WHAT IS NEEDED:
Omit all pictures. Print the remaining lines exactly, from the start of the data through the line containing "Funkcjonalny dom, doskonały".

SUPPLIED INFORMATION:
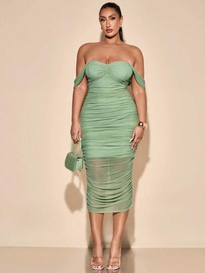SHEIN BAE Plus Size Women Off Shoulder Green Mid-Length Dress, Suitable For Casual, Outing, Date, Afternoon Tea, Vacation, Spring/Summer, Spring Outfits For Women, Summer/Summer Outfits For Women, Festival/Concert Outfit Women/Rave Outfits Festival/ Rave Outfits/, Spring Break Outfits, Graduation Dress, Graduation Dress, Mesh Dress - Green - View 1
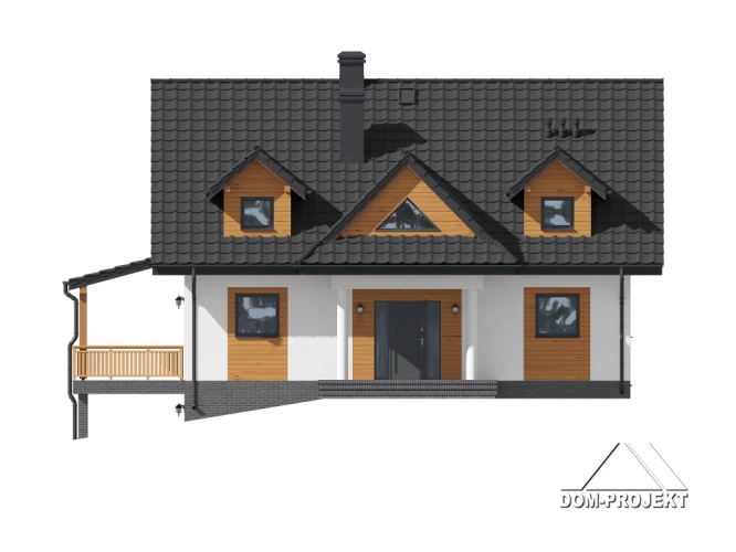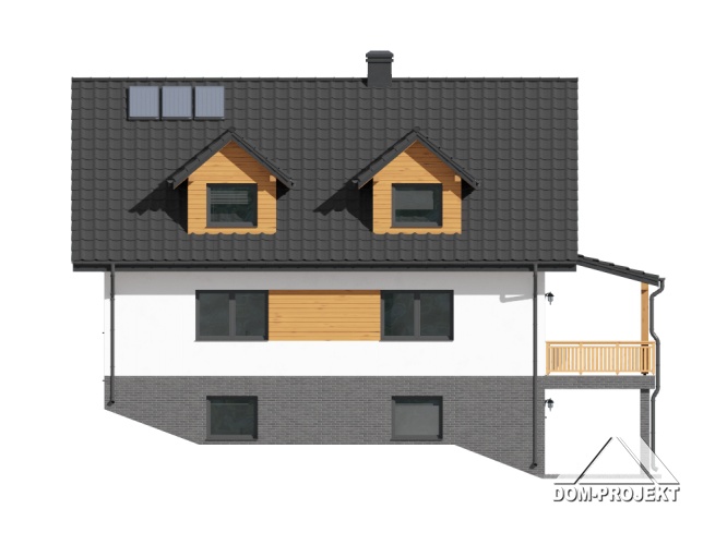Funkcjonalny dom, doskonały dla osób szukających projektu na działkę ze spadkiem terenu. Na parterze do dyspozycji salon z wygodną kuchnią i spiżarką, dodatkowy pokój , oraz łazienka. Na poddaszu przewidziano cztery dobrze doświetlone sypialnie i łazienkę. Zaplecze gospodarcze domu zlokalizowano w piwnicy.
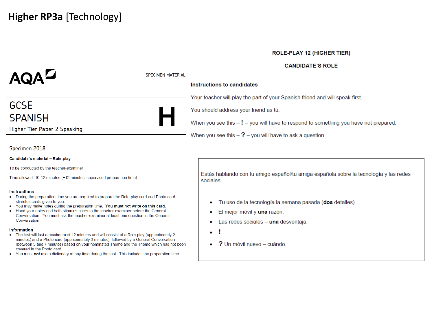 Higher RP3a [Technology] Higher PC2 [School] Mark scheme: Role play HIGHER Indicative Grade Mark 8/9 14-15 7 13 6 10-12 5 7-9 4 4-6 3- 1-3 The 5 utterances are marked separately for communication = 5 x 2 points. Knowledge / use of language (up to 5 points) is awarded overall. Mark scheme: Photo card - HIGHER Indicative Grade 8/9 7 6 5 4 3- Mark AQA criteria additional notes 14-15 The speaker replies to all questions clearly and develops most answers. He/she gives and explains an opinion. clearly means no ambiguity – needed for 14 or 15. Three of five questions developed. Both unprepared questions need to be answered clearly (with an unambiguous verb). 13 The speaker replies to all (or nearly all) questions clearly and develops most answers. He/she gives and explains an opinion. There could be one minor moment of ambiguity. Three of five questions developed. Answer both unprepared questions (although one could contain ambiguity) 10-12 The speaker replies to all or nearly all questions clearly and develops some answers. He/she gives and explains an opinion. Minor ambiguity allowed. 2 prepared Qs need 1++ development. At least 1 unprepared question need to be answered. 7-9 The speaker gives understandable replies to most questions and develops at least one answer. He/she gives an opinion. Permits 1/5 bullets not to be answered. 1+ development needed at least once. At least one opinion. 4-6 The speaker gives understandable replies to most questions but they may be short and/or repetitive. Permits 1/5 bullets not to be answered. All answers can be short / undeveloped / repetitive. 1-3 The speaker replies to some questions but the answers are likely to be short and/or repetitive. 3/5 questions answered with short, repetitive utterances. indicative grade equivalent Grade 9 [30/30] Grade 8 [26-29] Ofqual initiate and sustain detailed conversations manipulating language mostly accurately, expressing ideas and justifying opinions and responding effectively to unpredictable questions Grade 7 [22 – 25] assessment criteria descriptors CONVERSATION C - consistently developed responses; extended sequences of speech; communication(10); narrates coherently; clear at all times; gives and explains opinions range and accuracy R&A - wide variety of linguistic structures; wide vocabulary; reference (10); to past ,future and present is confident; a few minor errors and when pronunciation and complex structures and vocabulary attempted intonation (5); P&I - consistently good throughout spontaneity and S&F - reacts naturally; air of spontaneity; prompt responses; some fluency (5) fluency communication(9); range and accuracy (9); pronunciation and intonation (4-5); spontaneity and fluency (4-5) C - consistently developed responses; extended sequences of speech; narrates coherently; clear at all times; gives and explains opinions R&A - wide variety of linguistic structures; wide vocabulary; reference to past ,future and present is confident; a few minor errors and when complex structures and vocabulary attempted P&I - consistently good throughout (but see below for 4) S&F - reacts naturally; air of spontaneity; prompt responses; some fluency (but see descriptor below for 4) C - regularly developed responses; extended sequences of speech; communication(7-8); usually narrates events when asked; almost always clear; gives and range and accuracy explains opinions. (7-8); R&A - very good language; some variety of linguistic structures; range pronunciation and of vocabulary; past, present and future generally successful; minor errors or when complex structures of vocabulary attempted intonation (4); spontaneity and P&I - good P and I with only occasional lapses fluency (4) S&F - very good exchange; usually reacts naturally; often spontaneous; usually responds promptly and some flow of language. Grade 6 [16-21] Grade 5 [12-15] Overlap grade Ofqual develop conversations manipulating language with reasonable accuracy, expressing opinions and responding appropriately to unpredictable questions use generally accurate pronunciation and intonation Grade 4 [6 – 11] Overlap grade C - develop some responses in extended sequences of speech; sometimes narrates events; usually conveys information clearly; giving and often explaining opinions (see above for 7 descriptor) communication(5-7); R&A - good language; some attempts at more complex structures usually range and accuracy successful; past , present and future sometimes unsuccessful; minor errors (5-7); pronunciation and occasionally more serious ones; no real hindrance to communication (see above for 7 descriptor) and intonation(3); P&I - generally good; some inconsistency in more challenging language spontaneity and fluency (3) S&F - good exchange; sometimes reacts naturally but at times depends on pre learnt language; sometimes hesitates, delivery generally reasonable pace C - usually gives short responses but occasionally gives extended; occasionally narrates briefly; usually clear but lacks clarity from time to communication(4-6); time; opinions, some of which are explained (see above for 5-6) range and accuracy R&A - simple structures and vocabulary; some repetition; attempts to use (4-6); pronunciation more complex structures and vocabulary; some success with tenses; errors but do not impede comprehension. (see above for 5-6 descriptor) and intonation(2); spontaneity and P&I - generally good but some inconsistency at times fluency (2) S&F - generally good exchange, some spontaneity but some reliance on pre learnt response; sometimes hesitates and may not be able to answer some questions C - short responses but occasionally longer; only limited success with narration; a few occasions where unable to answer successfully or lacks communication(2-4); clarity; gives opinions (but see above for 3-4 descriptor) range and accuracy R&A - simple structures and vocabulary; repetitive at times; limited success (2-4); pronunciation with tenses; frequent errors occasionally imped

FINISHED TASK:
SHEIN BAE Plus Size Women Off Shoulder Green Mid-Length Dress, Suitable For Casual, Outing, Date, Afternoon Tea, Vacation, Spring/Summer, Spring Outfits For Women, Summer/Summer Outfits For Women, Festival/Concert Outfit Women/Rave Outfits Festival/ Rave Outfits/, Spring Break Outfits, Graduation Dress, Graduation Dress, Mesh Dress - Green - View 1
Funkcjonalny dom, doskonały dla osób szukających projektu na działkę ze spadkiem terenu. Na parterze do dyspozycji salon z wygodną kuchnią i spiżarką, dodatkowy pokój , oraz łazienka. Na poddaszu przewidziano cztery dobrze doświetlone sypialnie i łazienkę. Zaplecze gospodarcze domu zlokalizowano w piwnicy.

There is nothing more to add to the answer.